FindReplaceOptions options = new FindReplaceOptions();
options.ReplacingCallback = new FindAndInsertBookmark("bmstart");

doc.getRange().replace(regex, "", options);

//Find text and insert bookmark for ending text
regex = Pattern.compile("end text", Pattern.CASE_INSENSITIVE);

options = new FindReplaceOptions();
options.ReplacingCallback = new FindAndInsertBookmark("bmend");

doc.getRange().replace(regex, "", options);

//Extract contents between bookmark
BookmarkStart bStart = doc.getRange().getBookmarks().get("bmstart").getBookmarkStart();
BookmarkEnd bEnd = doc.getRange().getBookmarks().get("bmend").getBookmarkEnd();

ArrayList nodes = extractContent(bStart, bEnd, true);
Document newdoc = generateDocument(doc, nodes);

newdoc.save(MyDir + "Out.docx");
class FindAndInsertBookmark implements IReplacingCallback
{
    String bookmark;
    FindAndInsertBookmark(String bm)
    {
        bookmark = bm;
    }

    public int replacing(ReplacingArgs e) throws Exception
    {
        // This is a Run node that contains either the beginning or the complete match.
        Node currentNode = e.getMatchNode();
        // The first (and may be the only) run can contain text before the match,
        // in this case it is necessary to split the run.
        if (e.getMatchOffset() > 0)
            currentNode = splitRun((Run)currentNode, e.getMatchOffset());
        // This array is used to store all nodes of the match for further highlighting.
        ArrayList runs = new ArrayList();
        // Find all runs that contain parts of the match string.
        int remainingLength = e.getMatch().group().length();
        while (
                (remainingLength > 0) &&
                        (currentNode != null) &&
                        (currentNode.getText().length() <= remainingLength))
        {
            runs.add(currentNode);
            remainingLength = remainingLength - currentNode.getText().length();
            // Select the next Run node.
            // Have to loop because there could be other nodes such as BookmarkStart etc.
            do
            {
                currentNode = currentNode.getNextSibling();
            }
            while ((currentNode != null) && (currentNode.getNodeType() != NodeType.RUN));
        }
        // Split the last run that contains the match if there is any text left.
        if ((currentNode != null) && (remainingLength > 0))
        {
            splitRun((Run)currentNode, remainingLength);
            runs.add(currentNode);
        }
        DocumentBuilder builder = new DocumentBuilder((Document)((Run)runs.get(0)).getDocument());
        builder.moveTo((Run)runs.get(0));
        builder.startBookmark(bookmark);
        builder.endBookmark(bookmark);
        // Signal to the replace engine to do nothing because we have already done all what we wanted.
        return ReplaceAction.SKIP;
    }

    /**
      Splits text of the specified run into two runs.
      Inserts the new run just after the specified run.
     */
    private Run splitRun(Run run, int position) throws Exception
    {
        Run afterRun = (Run)run.deepClone(true);
        afterRun.setText(run.getText().substring(position));
        run.setText(run.getText().substring((0), (0) + (position)));
        run.getParentNode().insertAfter(afterRun, run);
        return afterRun;
    }
}

Thank you very much Tahir. The code works for me. However, its not including the end text in the new document. What should I do for that?

Hi Renjith,

Thanks for your inquiry. In this case, you need to insert the second bookmark after the “end text”. You can use BookmarkStart and BookmarkEnd classes to create a bookmark and use CompositeNode.InsertAfter method to insert it after the “end text” Run node.
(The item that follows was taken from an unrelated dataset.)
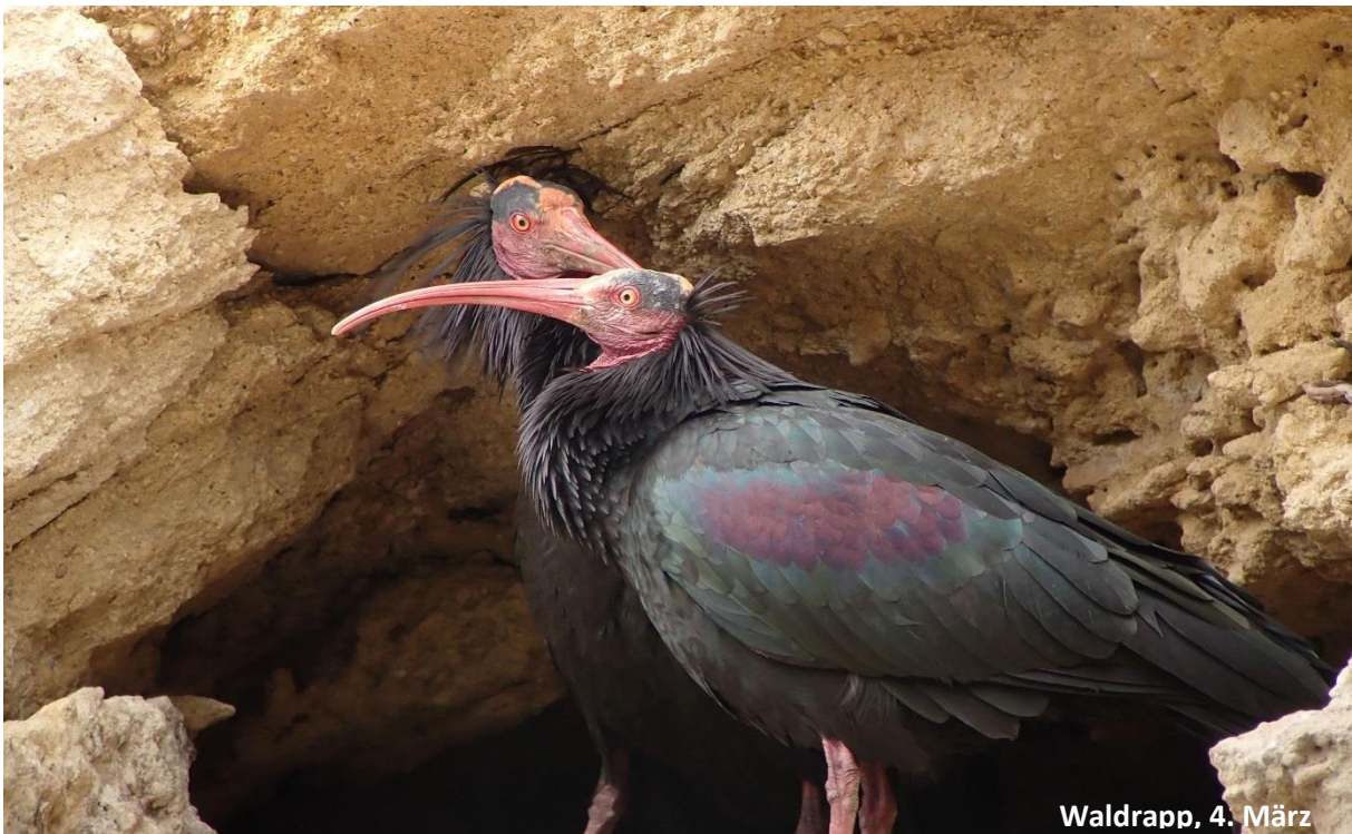
Waldrapp, 4. März

Diese seltsamen Wesen sind bei jedem Wetter faszinierend, ihrem fast menschlich anmutenden Verhalten könnte man stundenlang zusehen, besonders jetzt zur Balz- und Nestbauzeit.

Please let us know if you have any more queries.

Hi Tahir,

Are you referring to the below method? Its already using insertAfter method. Please guide me if I am wrong.

/**
*
* Splits text of the specified run into two runs.
*
* Inserts the new run just after the specified run.
*
*/
private Run splitRun(Run run, int position) throws Exception
{
    Run afterRun = (Run) run.deepClone(true);
    afterRun.setText(run.getText().substring(position));
    run.setText(run.getText().substring((0), (0) + (position)));
    run.getParentNode().insertAfter(afterRun, run);
    return afterRun;
}

Thanks.

Hi Renjith,
Thanks for your inquiry. Please try the following modified code snippet. Hope this helps you.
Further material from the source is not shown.